[[ Supplied material open ]]

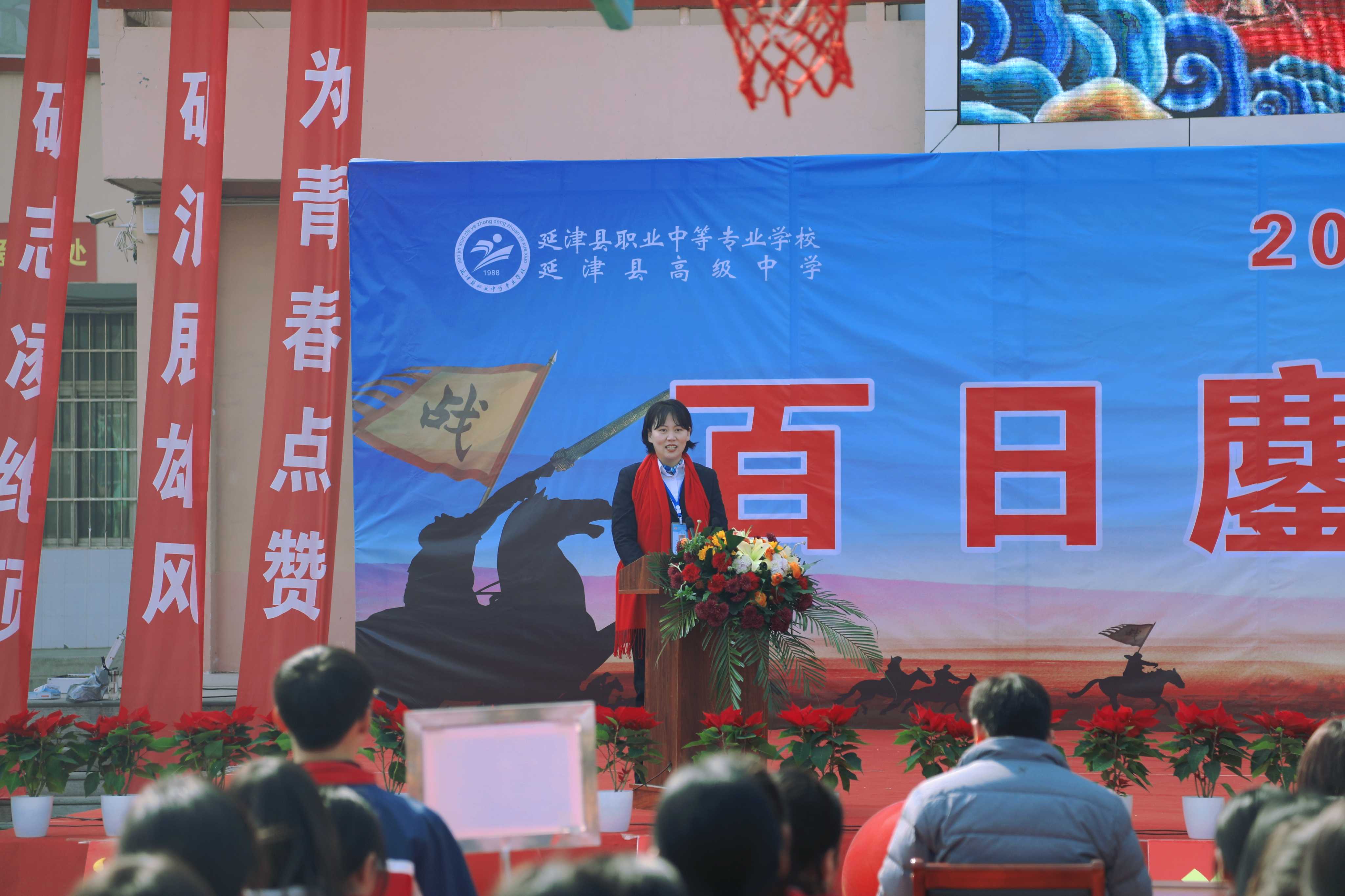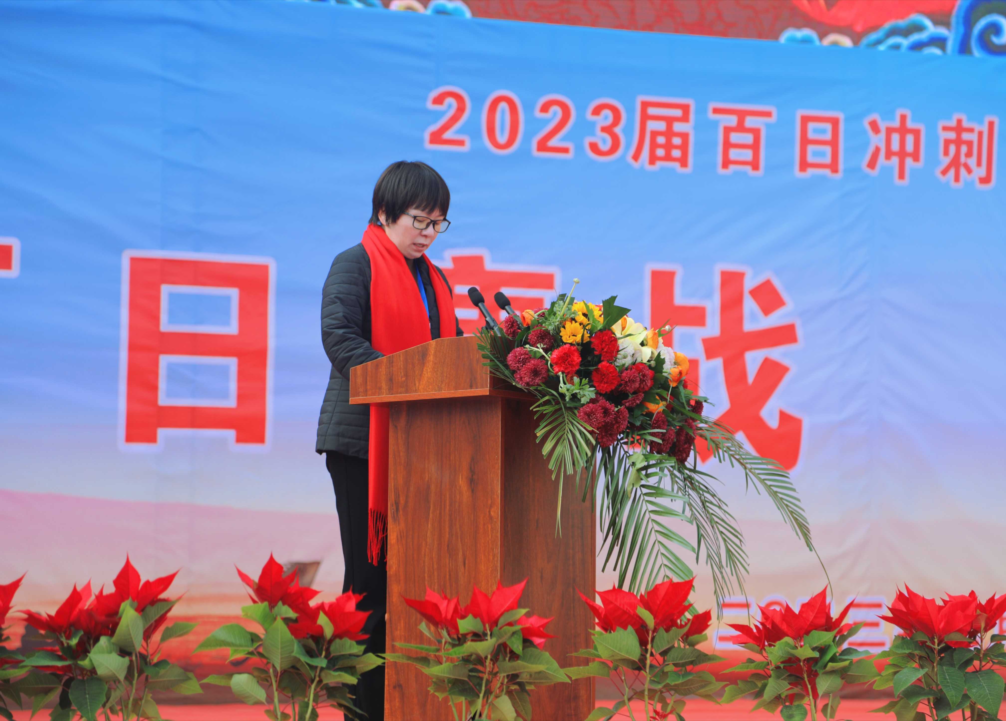 高三教师代表赵娜说,高考,是决定人生道路的分水岭,是决断青春梦想的天门关,是展现学子实力的大龙门。为了这次高考,我们历炼、准备了整整12年。12个春秋,我们流了多少汗水,花了多少精力和心思去锻铸智慧的利剑,苦炼过硬的本领,为的是高考战场上能过关斩将,势如破竹夺桂冠!冰雪消融,化作千顷碧波;朗朗书声,铺就锦绣前程。现在,离2023年决战的时刻仅剩下100天了, 这100天,是激情燃烧的100天,是顽强拼搏的100天,更是梦想成真的100天。希望同学们增强时间意识,拼搏意识,鏖战百日,铸我辉煌!
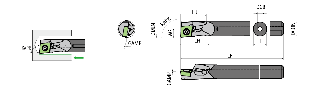 Diagram shows right-hand tool. Use a left-handed insert. F1 chipbreaker evacuates chips BACKWARD.
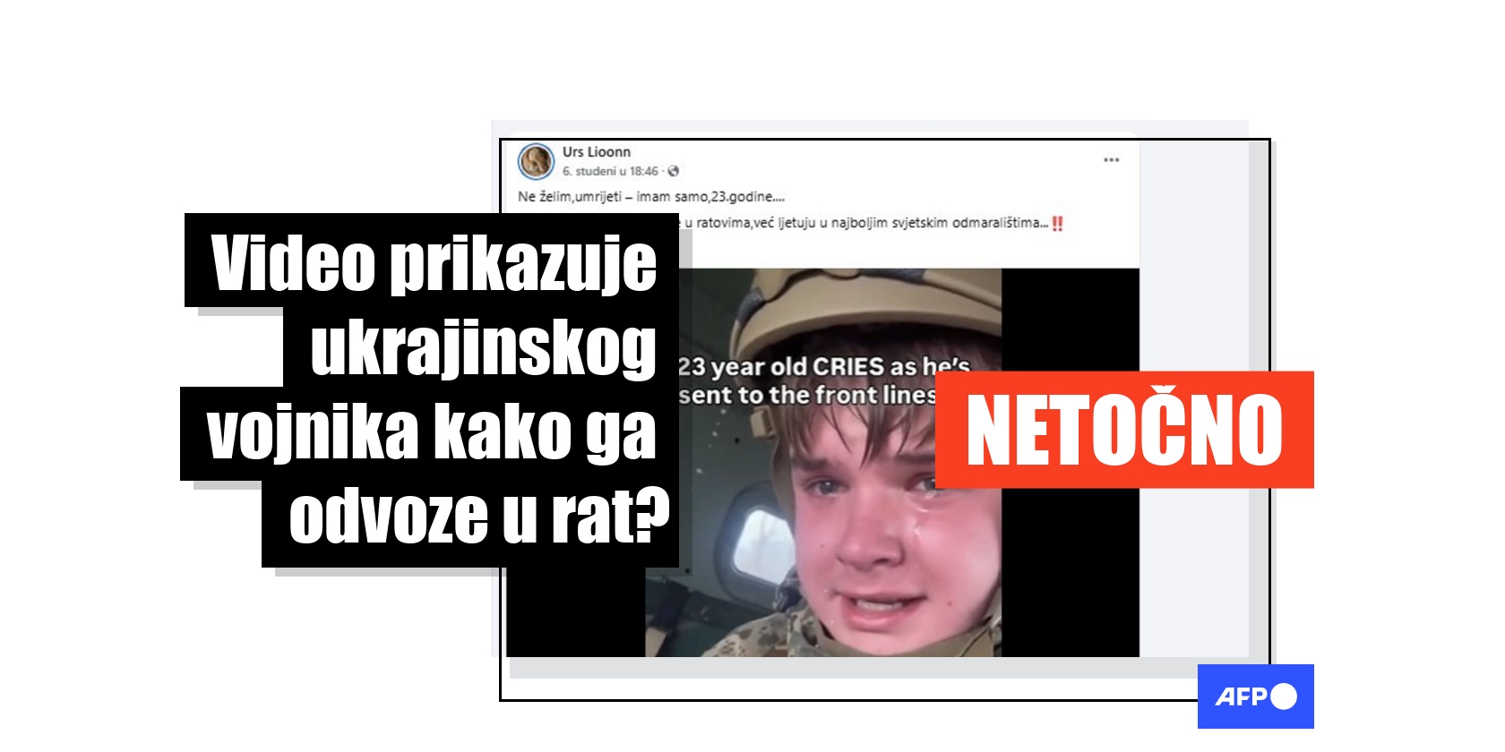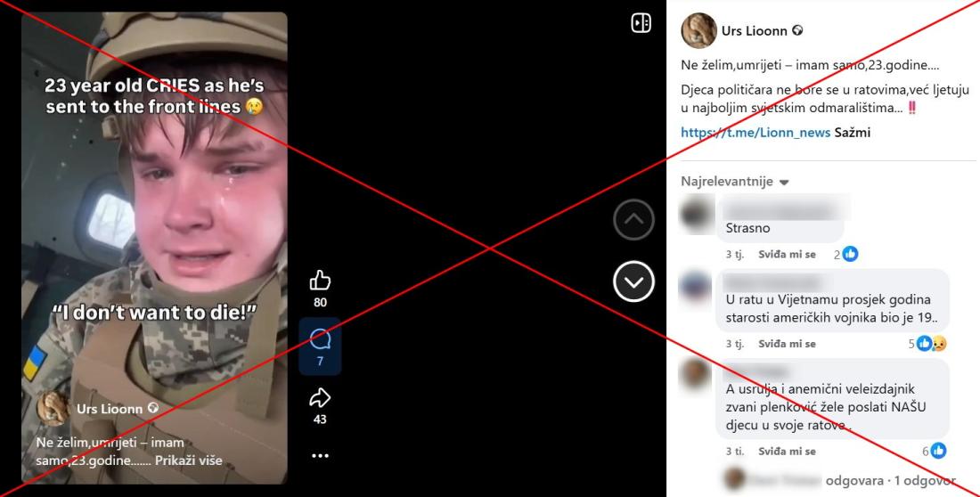 Mladić mokre kose, s kacigom na glavi i u vojnoj uniformi, sjedi na stražnjem sjedalu automobila. Suze mu klize niz obraze. "Mobiliziran sam. Šalju me u Chasiv Yar (grad u Ukrajini)," govori na ukrajinskom, dok tekst u videu nudi engleski prijevod. Kroz mali prozor može se vidjeti pust krajolik. "Ne želim umrijeti – imam samo 23.godine… Djeca političara ne bore se u ratovima,već ljetuju u najboljim svjetskim odmaralištima.", piše u opisu objave na Facebooku od 6. studenoga 2025. godine, koja je podijeljena više od 40 puta.
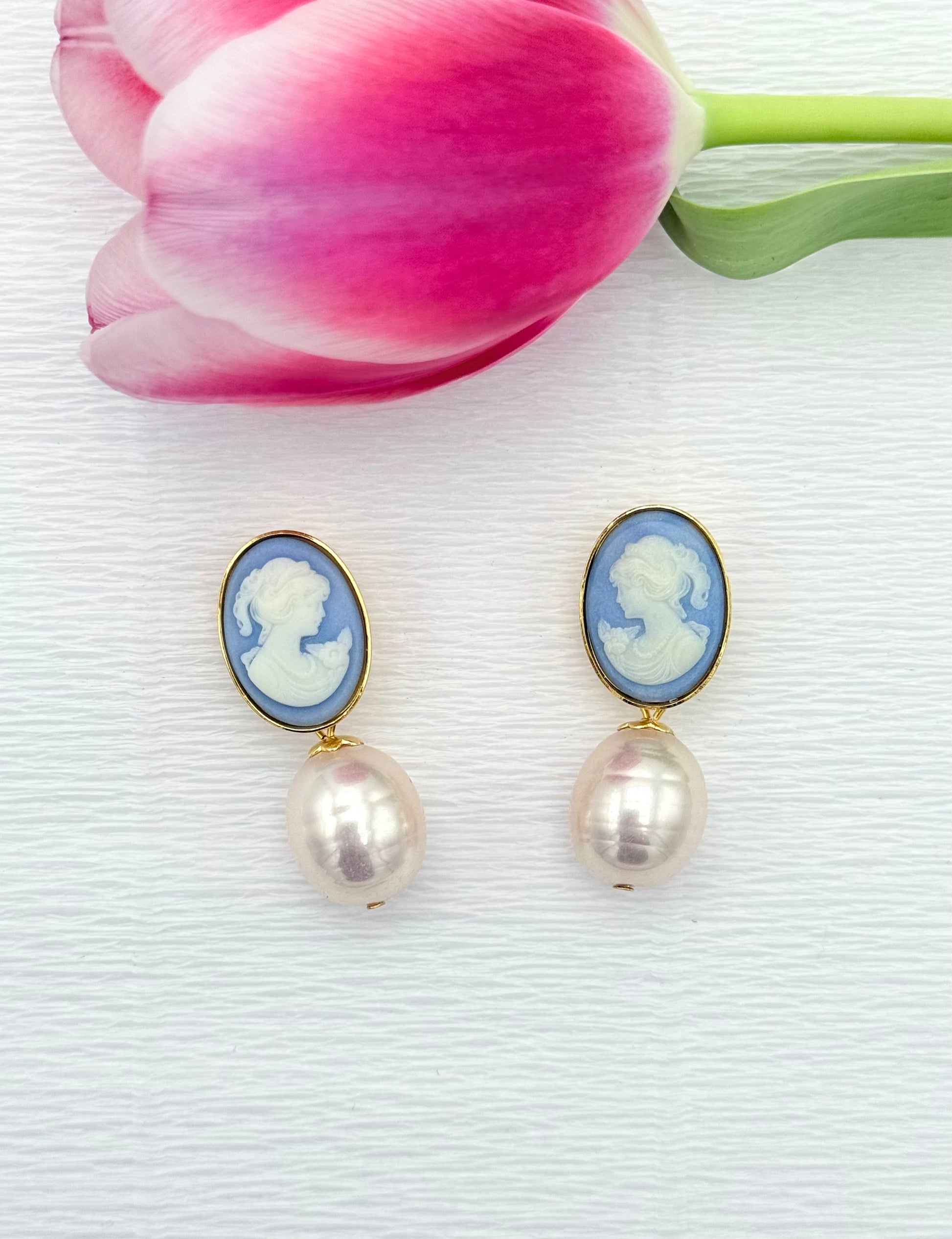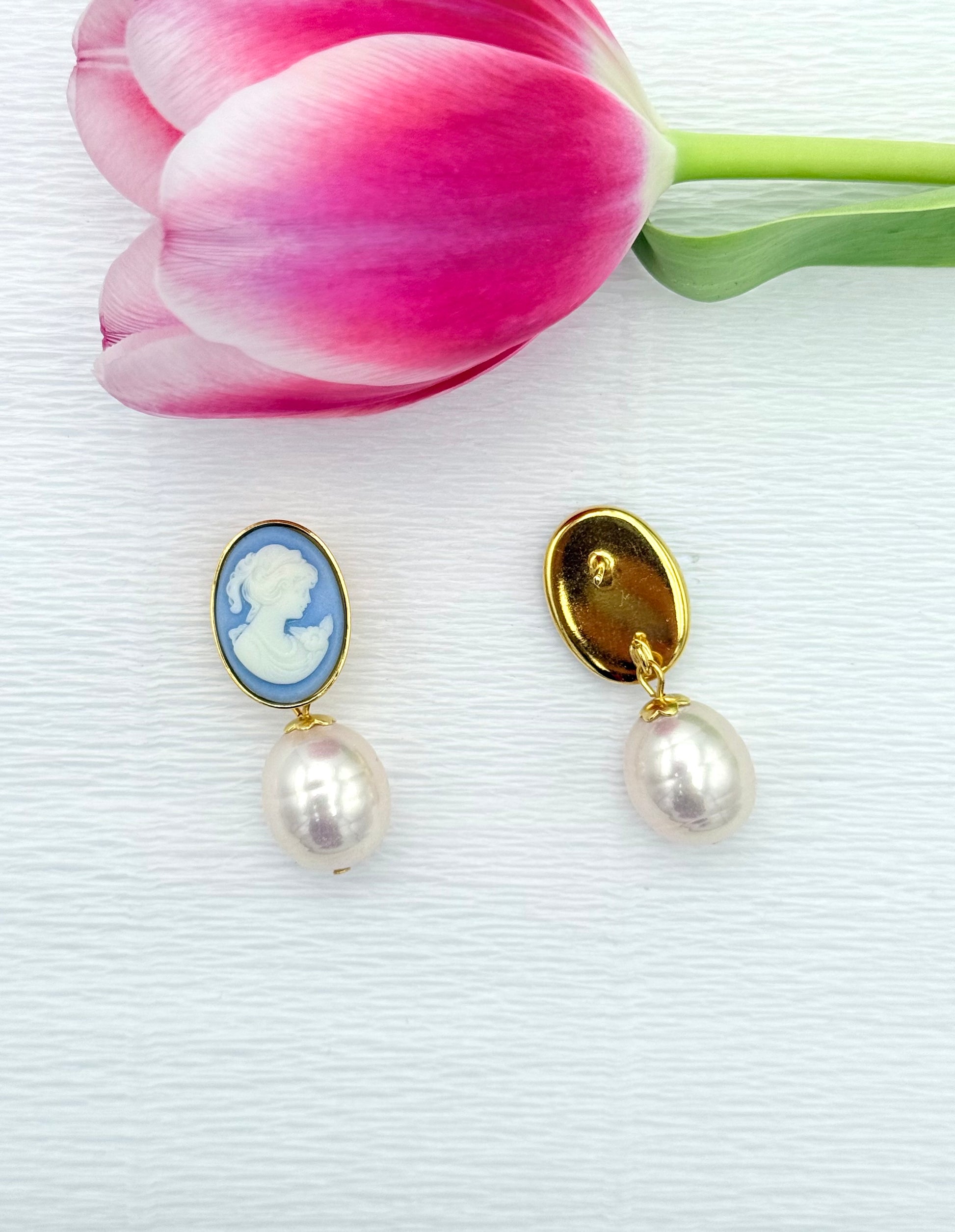 Elegante Mallorcaperlen-Ohrringe mit Kamee-Steckern

[[ Supplied material closed ]]

* [Requirement]
Print out the whole listing word for word. Leave the pictures out.

* [Task result]
 高三教师代表赵娜说,高考,是决定人生道路的分水岭,是决断青春梦想的天门关,是展现学子实力的大龙门。为了这次高考,我们历炼、准备了整整12年。12个春秋,我们流了多少汗水,花了多少精力和心思去锻铸智慧的利剑,苦炼过硬的本领,为的是高考战场上能过关斩将,势如破竹夺桂冠!冰雪消融,化作千顷碧波;朗朗书声,铺就锦绣前程。现在,离2023年决战的时刻仅剩下100天了, 这100天,是激情燃烧的100天,是顽强拼搏的100天,更是梦想成真的100天。希望同学们增强时间意识,拼搏意识,鏖战百日,铸我辉煌!
 Diagram shows right-hand tool. Use a left-handed insert. F1 chipbreaker evacuates chips BACKWARD.
 Mladić mokre kose, s kacigom na glavi i u vojnoj uniformi, sjedi na stražnjem sjedalu automobila. Suze mu klize niz obraze. "Mobiliziran sam. Šalju me u Chasiv Yar (grad u Ukrajini)," govori na ukrajinskom, dok tekst u videu nudi engleski prijevod. Kroz mali prozor može se vidjeti pust krajolik. "Ne želim umrijeti – imam samo 23.godine… Djeca političara ne bore se u ratovima,već ljetuju u najboljim svjetskim odmaralištima.", piše u opisu objave na Facebooku od 6. studenoga 2025. godine, koja je podijeljena više od 40 puta.
 Elegante Mallorcaperlen-Ohrringe mit Kamee-Steckern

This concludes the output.